(Records from a dataset)
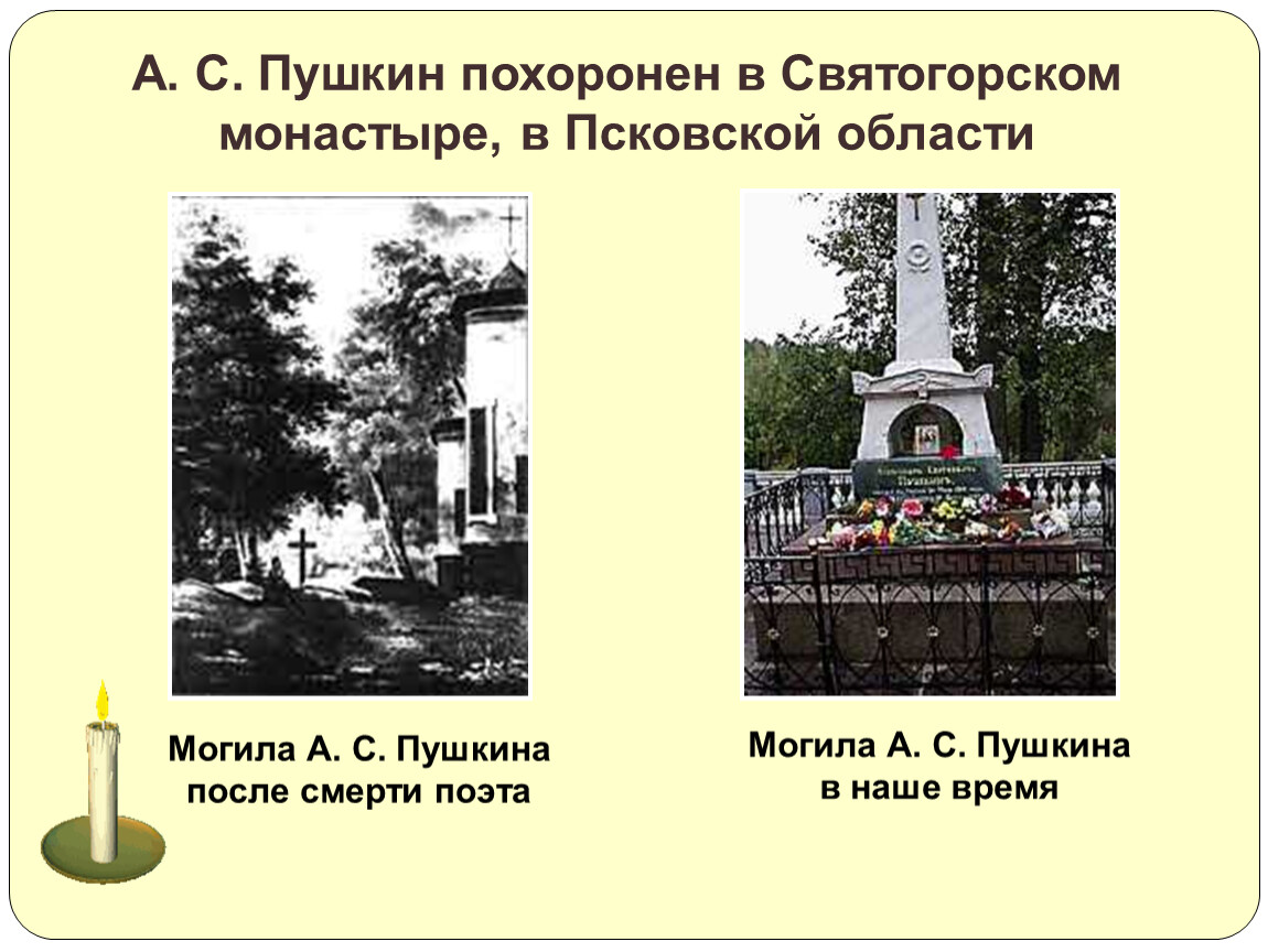 А. С. Пушкин похоронен в Святогорском монастыре, в Псковской области
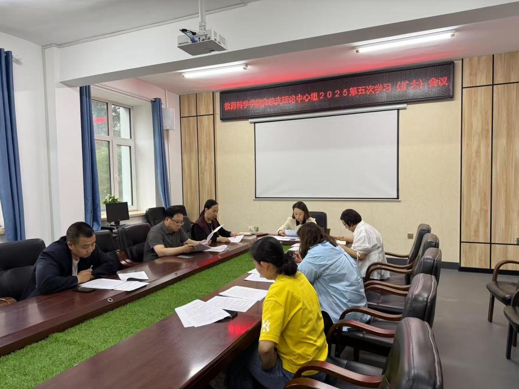 6月20日,教育科学学院党总支在行知楼会议室召开理论学习中心组(扩大)第五次理论学习会议。学院党总支书记张航主持会议,学院班子成员、总支委员、学生支部书记参加了会议。
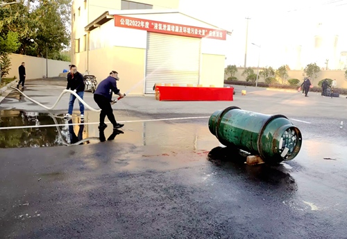 為進一步提高公司涉氯人員及應急保障人員對液氯泄漏及環境污染突發事故的應急處理和自救互救能力,切實保障員工生命和公司財產安全,11月4日下午,公司在海州水廠舉行“2022年度液氯泄漏堵漏及環境污染處置”應急演練。副總經理李家希現場指揮并點評,海州水廠、第三水廠、連云分公司共9組隊伍參加演練。
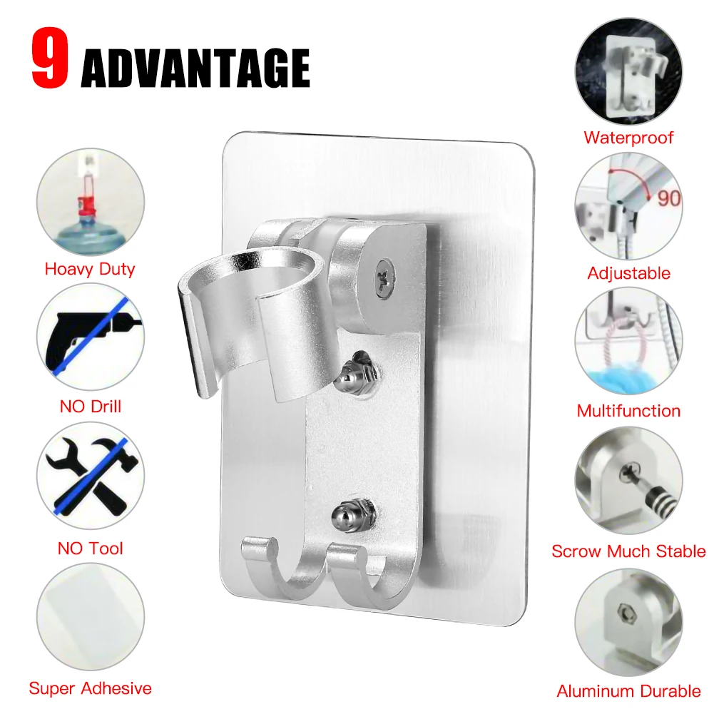 1. Этот регулируемый держатель для душевой головки не требует сверления, никакого вреда для стены
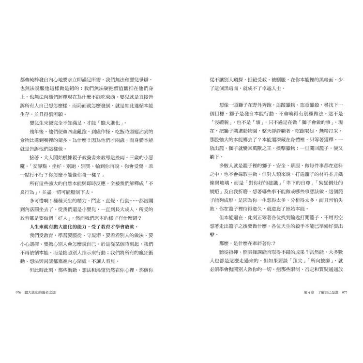 如果以上敘述尚不符合各位的情況,那麼恭喜你,你即將展開一條發掘內在力量的旅程,也將隨之脫胎換骨。
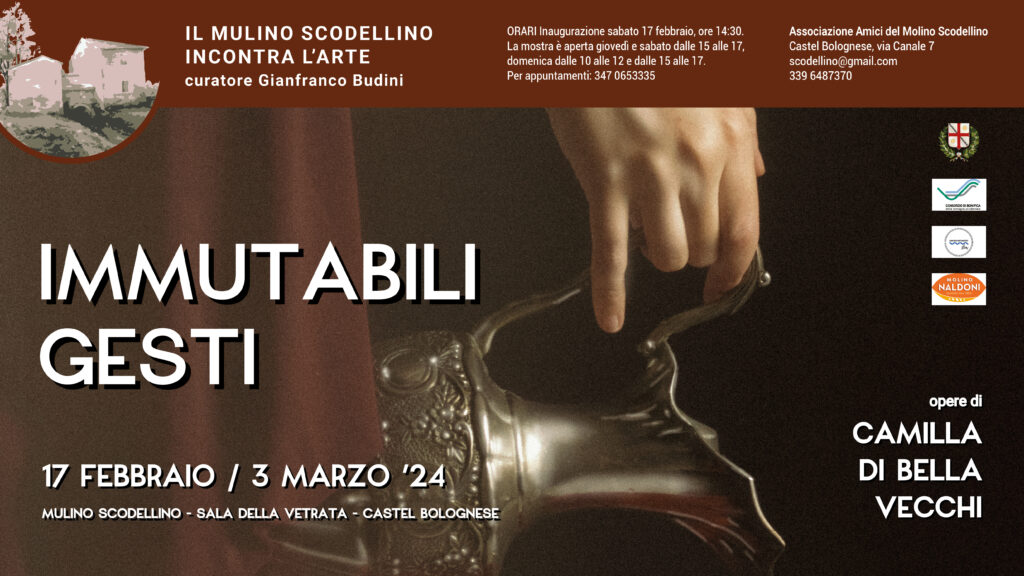 IMMUTABILI GESTI è il titolo della personale fotografica che l’artista Camilla Di Bella Vecchi esporrà nella Sala della Vetrata al Mulino Scodellino di Castel Bolognese (via Canale 7) a partire da sabato 17 febbraio (inaugurazione ore 14.30) e visitabile fino al 3 marzo prossimo.
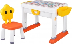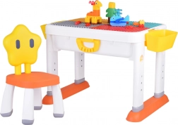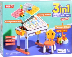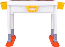 Multifunkční dětský stůl 3v1 s výškově nastavitelnými nohami, oboustrannou deskou pro kostičky i psaní a praktickým úložným prostorem. V balení je i pohodlná židlička se stabilními nohami. Ideální pro hraní, učení i stolování – vše na jednom místě. Oboustranný blat, regulovatelná výška, úložný box, 55 kostiček v sadě a protiskluzové prvky pro bezpečné používání.
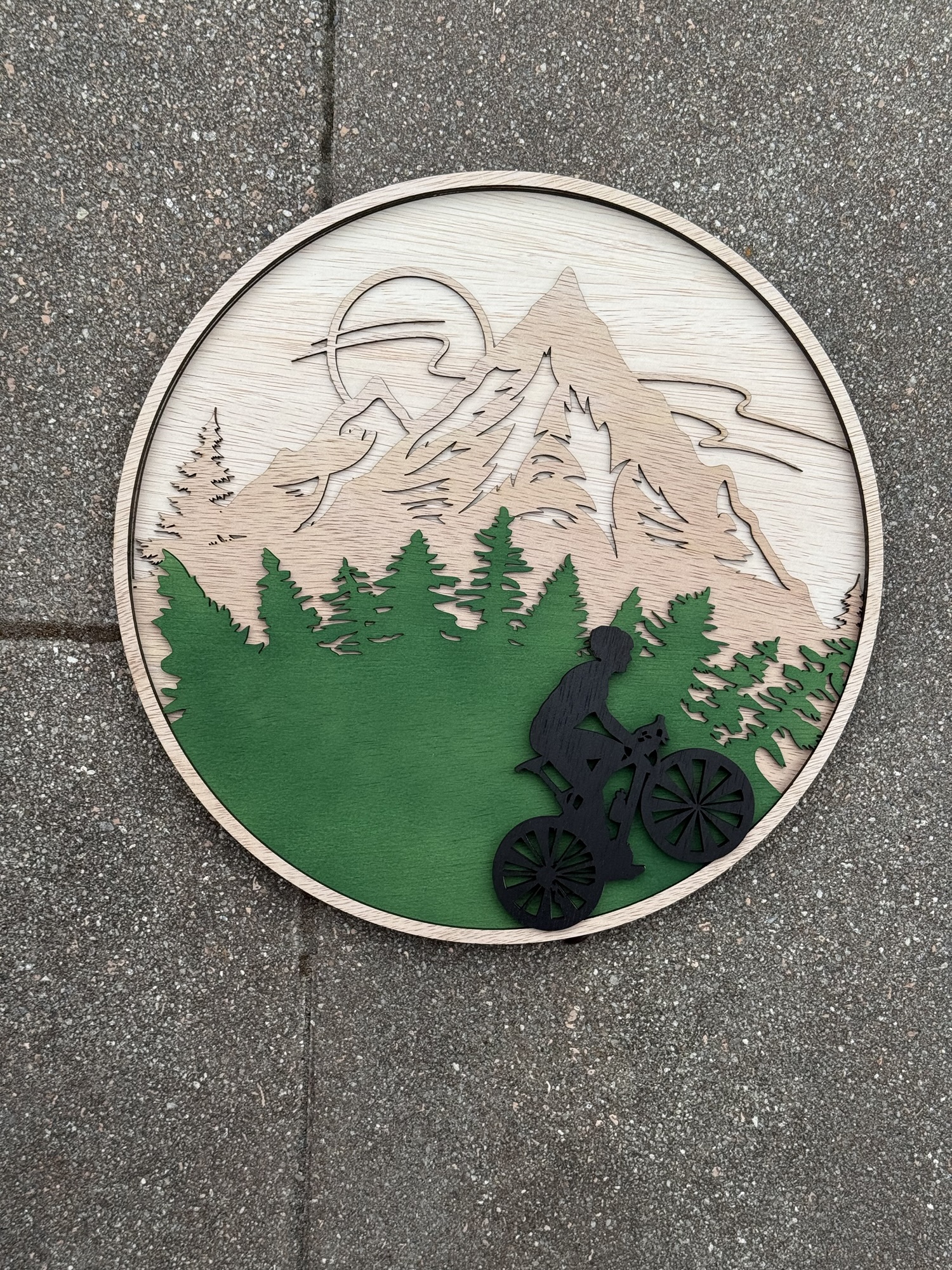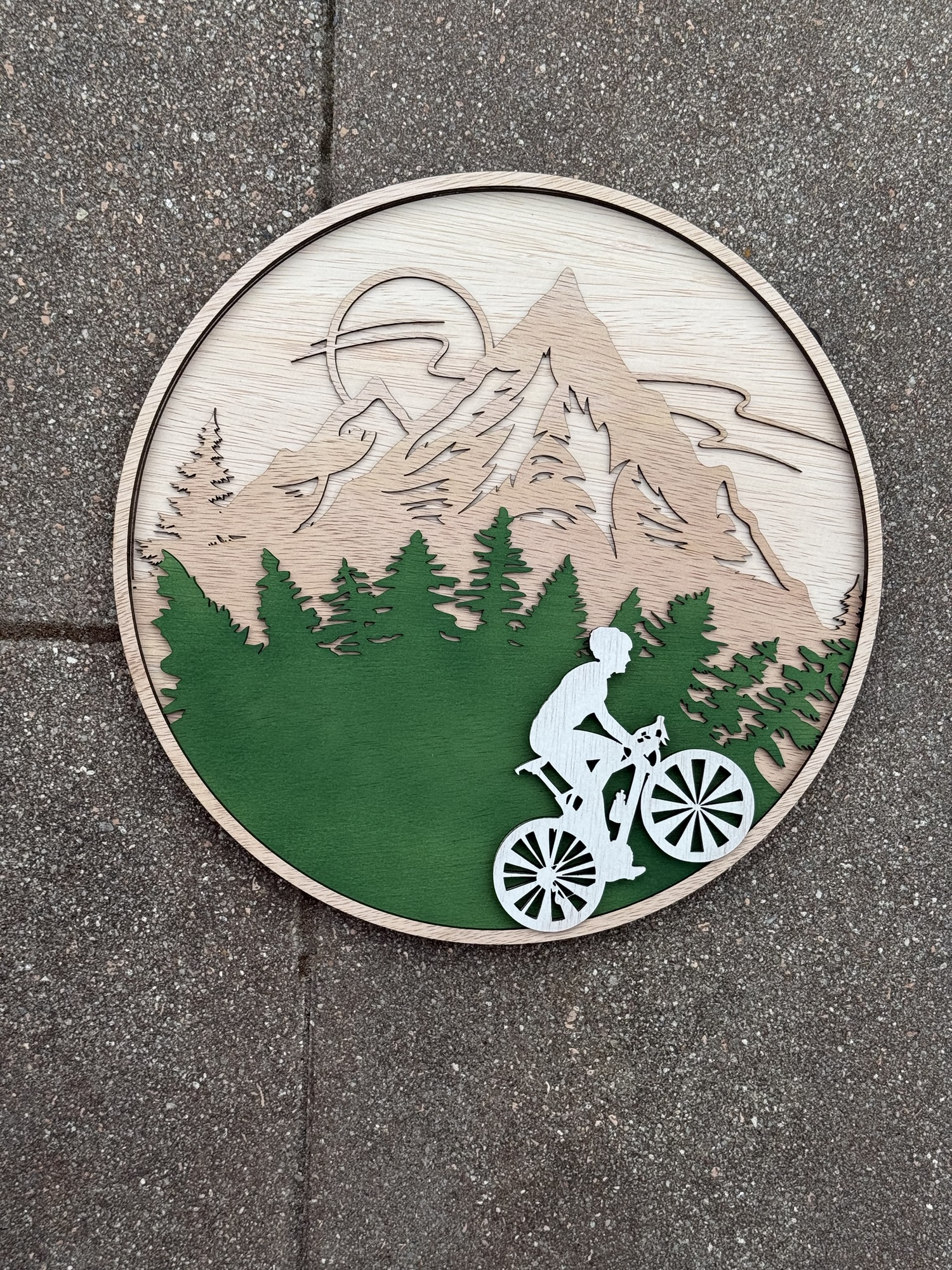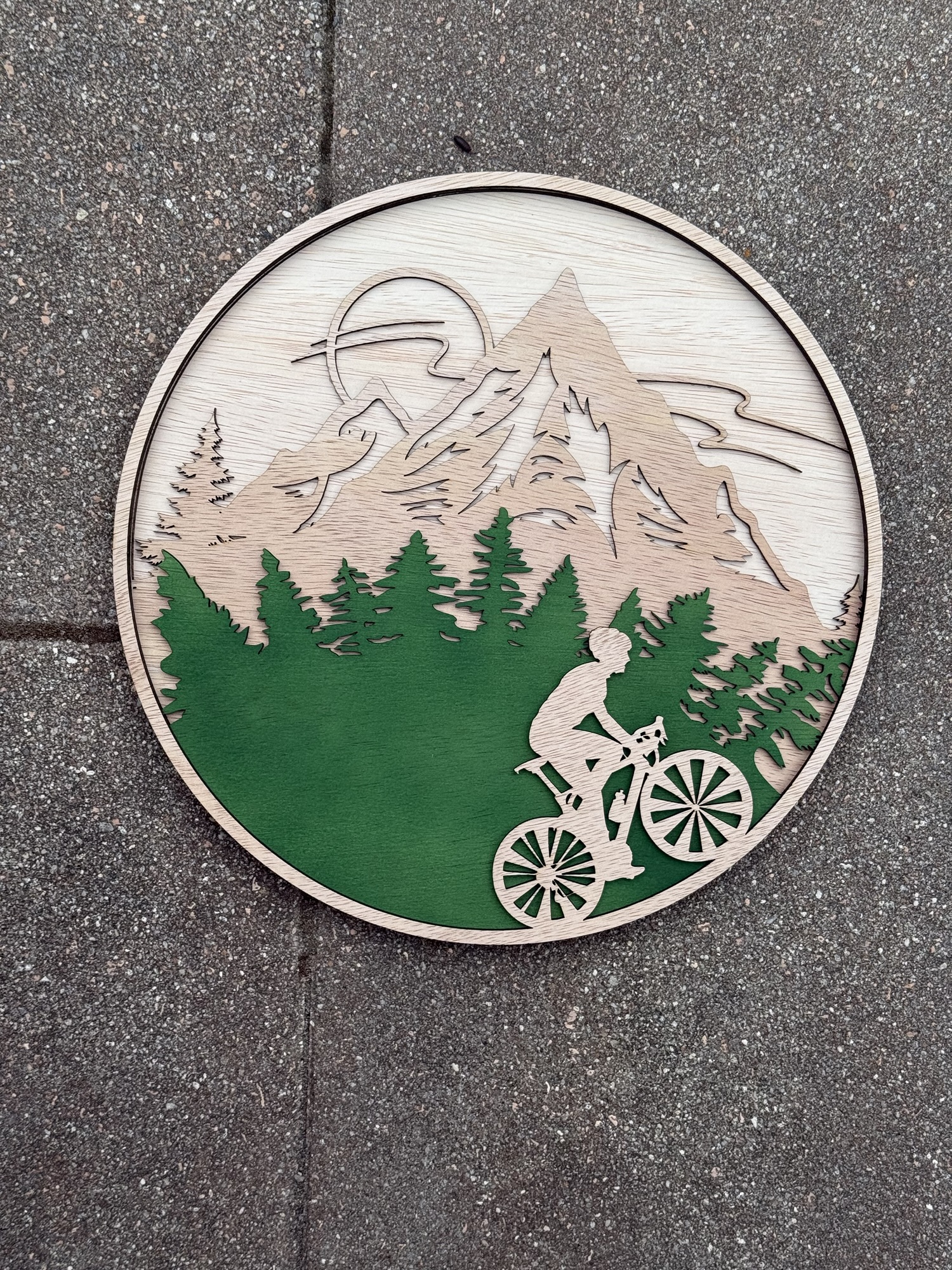 Ronde plank van 30cm met een bergtijger! De fietser kan ik vele kleuren gespoten worden.

__EXERCISE BRIEF__
Because the pictures are not wanted, retype every record exactly without them.

__RESPONSE__
 А. С. Пушкин похоронен в Святогорском монастыре, в Псковской области
 6月20日,教育科学学院党总支在行知楼会议室召开理论学习中心组(扩大)第五次理论学习会议。学院党总支书记张航主持会议,学院班子成员、总支委员、学生支部书记参加了会议。
 為進一步提高公司涉氯人員及應急保障人員對液氯泄漏及環境污染突發事故的應急處理和自救互救能力,切實保障員工生命和公司財產安全,11月4日下午,公司在海州水廠舉行“2022年度液氯泄漏堵漏及環境污染處置”應急演練。副總經理李家希現場指揮并點評,海州水廠、第三水廠、連云分公司共9組隊伍參加演練。
 1. Этот регулируемый держатель для душевой головки не требует сверления, никакого вреда для стены
 如果以上敘述尚不符合各位的情況,那麼恭喜你,你即將展開一條發掘內在力量的旅程,也將隨之脫胎換骨。
 IMMUTABILI GESTI è il titolo della personale fotografica che l’artista Camilla Di Bella Vecchi esporrà nella Sala della Vetrata al Mulino Scodellino di Castel Bolognese (via Canale 7) a partire da sabato 17 febbraio (inaugurazione ore 14.30) e visitabile fino al 3 marzo prossimo.
 Multifunkční dětský stůl 3v1 s výškově nastavitelnými nohami, oboustrannou deskou pro kostičky i psaní a praktickým úložným prostorem. V balení je i pohodlná židlička se stabilními nohami. Ideální pro hraní, učení i stolování – vše na jednom místě. Oboustranný blat, regulovatelná výška, úložný box, 55 kostiček v sadě a protiskluzové prvky pro bezpečné používání.
 Ronde plank van 30cm met een bergtijger! De fietser kan ik vele kleuren gespoten worden.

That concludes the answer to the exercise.